Stan O'Neal, Chairman and Chief Executive Officer of Merrill Lynch, and Gregory J. Fleming, President, Global Markets & Investment Banking, Merrill Lynch, are expected to serve as Merrill's designees on the Board.
"Having an expanded presence in the asset management business has been a strategic priority for Merrill Lynch for some time," said Stan O'Neal. "By merging MUM with BlackRock, Merrill Lynch will realize a major objective - the transformation of our asset management unit into a major component of what we believe will be one of the world's preeminent, diversified global money management organizations. We will gain what amounts to a half-interest in a firm twice the size of our unit, with enhanced growth prospects, both organically and through potential acquisitions, with its own publicly traded stock. Additionally, this transaction frees up significant capital for Merrill Lynch, which we can deploy to further enhance shareholder value."
Terms of the Transaction
The transaction is subject to various regulatory approvals, client consents, approval by BlackRock shareholders and customary conditions. Under the tenns of the agreement, Merrill Lynch will have certain restrictions on the sale or acquisition of shares in the new BlackRock, but will have the right to maintain its ownership percentage in the event of BlackRock' s issuance of additional shares in the future.
The transaction will result in a gain to Merrill Lynch, net of certain transaction-related expenses, based on the value of the BlackRock stock received at closing.
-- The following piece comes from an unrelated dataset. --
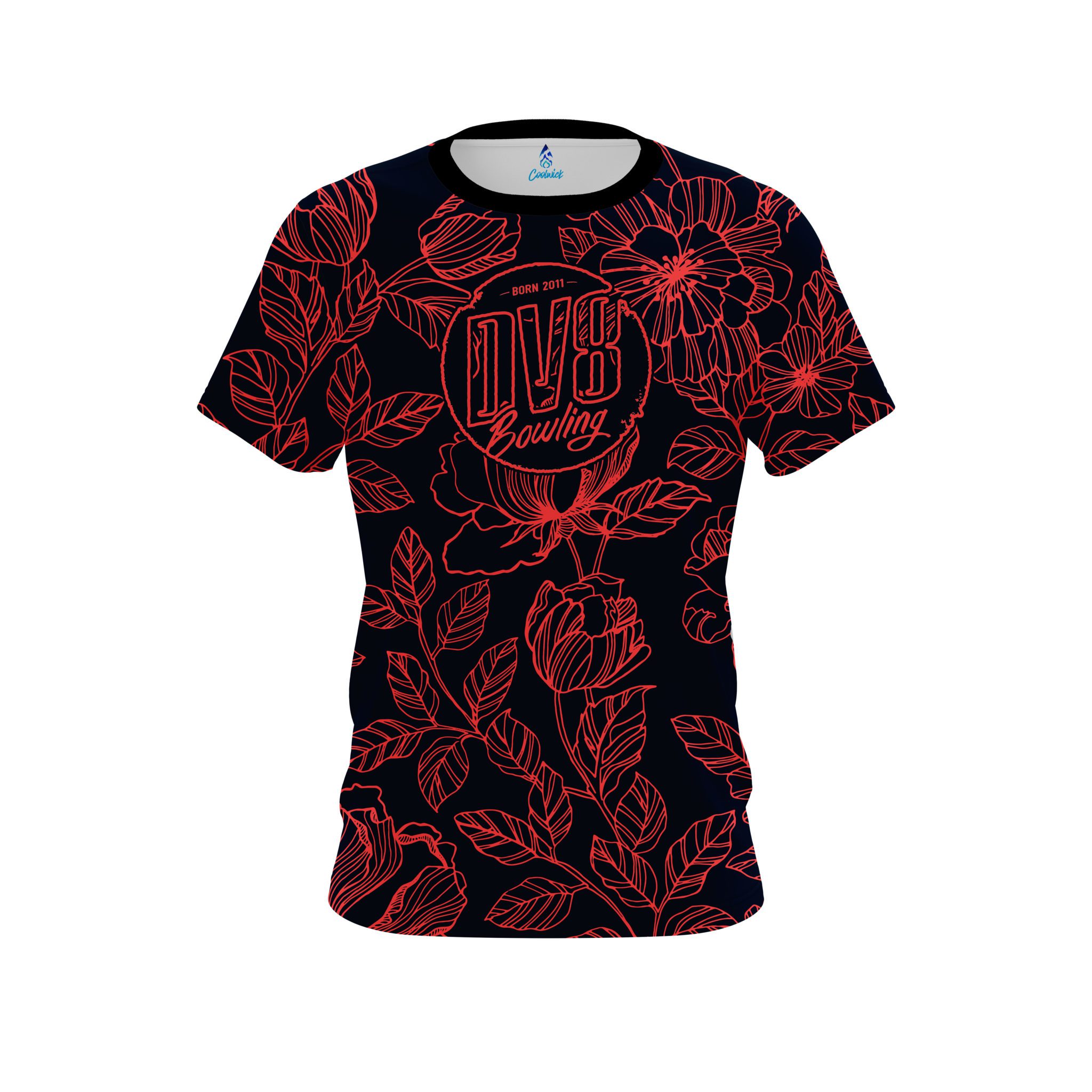 Stay 40% cooler with CoolWick. Our DV8 Navy Red Flower Tattoo CoolWick Bowling Jerseys are made of two different fabrics with the back being our CoolWick technology fabric that helps wick moisture away and helps air flow more easily through the fibers.

Based on BlackRock's closing price on February 14, the net after-tax gain would amount to approximately USD 1.1 billion. Additionally, Merrill Lynch expects that the elimination of goodwill associated with the MLIM segment will free up a significant amount of equity capital to be redeployed into growth initiatives or share repurchases.
Following closing, Merrill Lynch expects to reflect its investment in the stock of the combined company in its financial statements using the equity method of accounting, and will record its proportionate share of the new BlackRock's net earnings as a component of net revenues.
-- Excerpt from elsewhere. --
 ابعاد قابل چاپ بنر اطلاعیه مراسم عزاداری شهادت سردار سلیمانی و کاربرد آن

In 2007, Merrill Lynch expects the transaction to be slightly dilutive to its earnings and earnings per share. In 2008, once transaction synergies are fully realized, Merrill Lynch expects the transaction to be neutral to its earnings and earnings per share assuming no redeployment of equity capital freed up by the transaction, and accretive assuming redeployment of capital.
In connection with the transaction, Citigroup Corporate and Investment Banking acted as exclusive financial advisor and Skadden Arps provided legal counsel to BlackRock.